Would you retype the whole listing exactly, leaving its pictures out?

» **THE DATA**
______

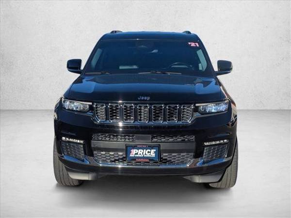 * Leather Seats * 3rd Row Seat * Diamond Black Crystal Pearlcoat * Lane Keeping Assist * Keyless Start * Rear Spoiler * Engine: 3.6L V6 24V Vvt Upg I W/Ess * Global Black; Capri Leather Seats * Tires: 265/60R18 Bsw A/S Lrr * Transmission: 8-Speed Automatic (850Re) * Wheels: 18" X 8.0" Fully Painted Aluminum 2This vehicle includes a Money-Back Guarantee* and passed our precise inspection process. Best of all the price you see is the price you pay. No haggling. No back and forth. No pressure. And this price is so good it is guaranteed. *Money-Back Guarantee is valid for 5 days or 250 miles, whichever comes first. Subject to certain terms and conditions. See store for details. Some restrictions apply.2021 Jeep Grand Cherokee L previously owned by an employee and traded in on a Wagoneer! This is a very well cared for Grand Cherokee L. This Jeep includes: DIAMOND BLACK CRYSTAL PEARLCOAT QUICK ORDER PACKAGE 22E GLOBAL BLACK, CAPRI LEATHER SEATS Heated Front Seat(s) Bucket Seats TRANSMISSION: 8-SPEED AUTOMATIC (850RE) (STD) 8-Speed A/T Transmission w/Dual Shift Mode A/T ENGINE: 3.6L V6 24V VVT UPG V6 Cylinder Engine Gasoline Fuel *Note - For third party subscriptions or services, please contact the dealer for more information.* Off-road or on the street, this Jeep Grand Cherokee L Limited handles with ease. Indulge yourself with one of the most highly crafted, most luxurious automobiles available today. This Jeep Grand Cherokee L Limited comes equipped with 4 wheel drive, which means no limitations as to how or where you can drive. Different terrains and varying weather conditions will have no effect as to how this vehicle performs. It's not a misprint. And the odometer isn't broken. This is a very low mileage Jeep Grand Cherokee L. A rare find these days. Added comfort with contemporary style is the leather interior to heighten the quality and craftsmanship for the Jeep Grand Cherokee L Limited.
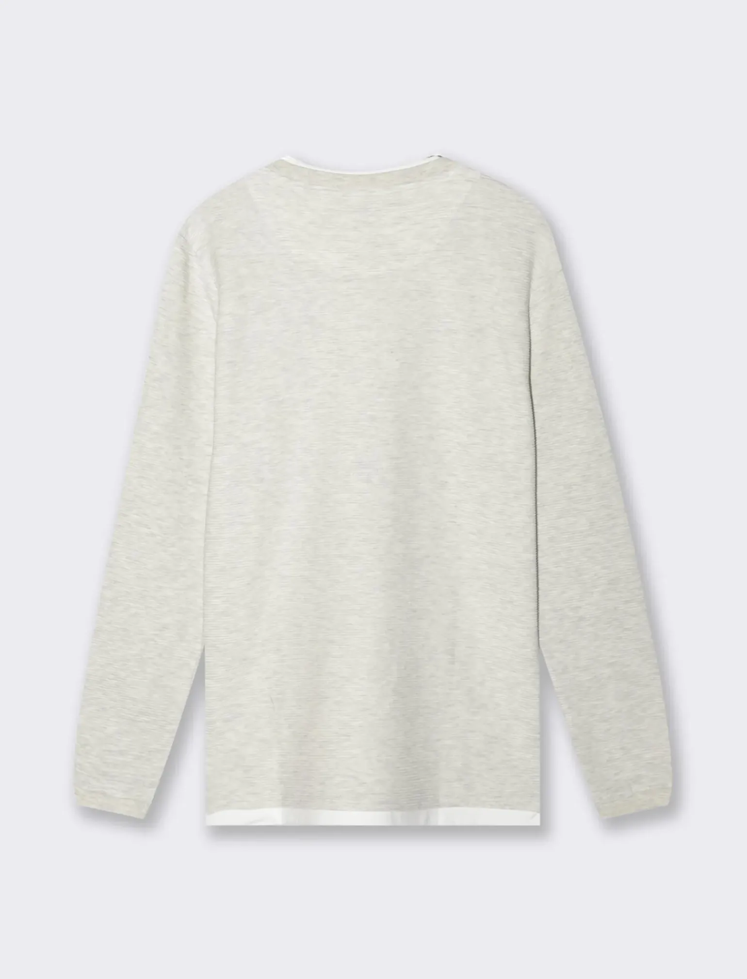 T-shirt girocollo per uomo con maniche lunghe e vestibilità regular fit. Il design a coste orizzontali conferisce un tocco di stile unico, mentre i dettagli a contrasto in jersey al collo e sul fondo aggiungono un tocco di originalità. Ideale per un look casual ma curato, perfetto per ogni occasione. Il prodotto è di colore Grigio mel.
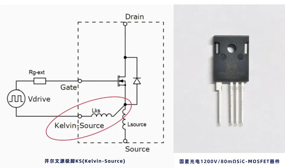 ▲以TO-247-4L为封装形式的NSiC-KS系列产品,产品的封装形式上增加了一个S极管脚,其可称为辅助源极或者开尔文源极脚KS(Kelvin-Source)
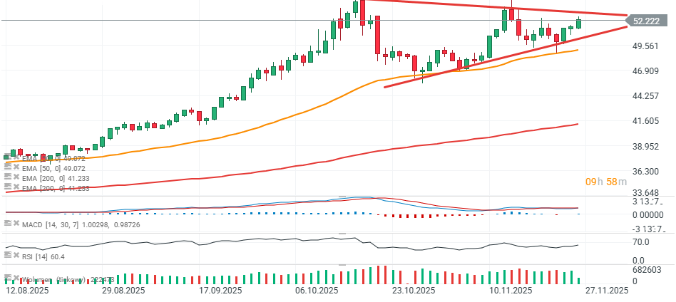 La plata ha estado subiendo recientemente, impulsada principalmente por las crecientes expectativas de un recorte de tipos por parte de la Reserva Federal en diciembre y la debilidad del dólar. El precio superó los 52 dólares por onza, recuperando las pérdidas tras caer por debajo de los 46 dólares en octubre. Al observar el RSI, podemos ver que, a pesar del sólido repunte, la lectura en torno a 60 no indica una euforia excesiva, lo que, junto con una perspectiva positiva del MACD, sugiere potencial para un mayor alza.

______

» **FINAL ANSWER**
 * Leather Seats * 3rd Row Seat * Diamond Black Crystal Pearlcoat * Lane Keeping Assist * Keyless Start * Rear Spoiler * Engine: 3.6L V6 24V Vvt Upg I W/Ess * Global Black; Capri Leather Seats * Tires: 265/60R18 Bsw A/S Lrr * Transmission: 8-Speed Automatic (850Re) * Wheels: 18" X 8.0" Fully Painted Aluminum 2This vehicle includes a Money-Back Guarantee* and passed our precise inspection process. Best of all the price you see is the price you pay. No haggling. No back and forth. No pressure. And this price is so good it is guaranteed. *Money-Back Guarantee is valid for 5 days or 250 miles, whichever comes first. Subject to certain terms and conditions. See store for details. Some restrictions apply.2021 Jeep Grand Cherokee L previously owned by an employee and traded in on a Wagoneer! This is a very well cared for Grand Cherokee L. This Jeep includes: DIAMOND BLACK CRYSTAL PEARLCOAT QUICK ORDER PACKAGE 22E GLOBAL BLACK, CAPRI LEATHER SEATS Heated Front Seat(s) Bucket Seats TRANSMISSION: 8-SPEED AUTOMATIC (850RE) (STD) 8-Speed A/T Transmission w/Dual Shift Mode A/T ENGINE: 3.6L V6 24V VVT UPG V6 Cylinder Engine Gasoline Fuel *Note - For third party subscriptions or services, please contact the dealer for more information.* Off-road or on the street, this Jeep Grand Cherokee L Limited handles with ease. Indulge yourself with one of the most highly crafted, most luxurious automobiles available today. This Jeep Grand Cherokee L Limited comes equipped with 4 wheel drive, which means no limitations as to how or where you can drive. Different terrains and varying weather conditions will have no effect as to how this vehicle performs. It's not a misprint. And the odometer isn't broken. This is a very low mileage Jeep Grand Cherokee L. A rare find these days. Added comfort with contemporary style is the leather interior to heighten the quality and craftsmanship for the Jeep Grand Cherokee L Limited.
 T-shirt girocollo per uomo con maniche lunghe e vestibilità regular fit. Il design a coste orizzontali conferisce un tocco di stile unico, mentre i dettagli a contrasto in jersey al collo e sul fondo aggiungono un tocco di originalità. Ideale per un look casual ma curato, perfetto per ogni occasione. Il prodotto è di colore Grigio mel.
 ▲以TO-247-4L为封装形式的NSiC-KS系列产品,产品的封装形式上增加了一个S极管脚,其可称为辅助源极或者开尔文源极脚KS(Kelvin-Source)
 La plata ha estado subiendo recientemente, impulsada principalmente por las crecientes expectativas de un recorte de tipos por parte de la Reserva Federal en diciembre y la debilidad del dólar. El precio superó los 52 dólares por onza, recuperando las pérdidas tras caer por debajo de los 46 dólares en octubre. Al observar el RSI, podemos ver que, a pesar del sólido repunte, la lectura en torno a 60 no indica una euforia excesiva, lo que, junto con una perspectiva positiva del MACD, sugiere potencial para un mayor alza.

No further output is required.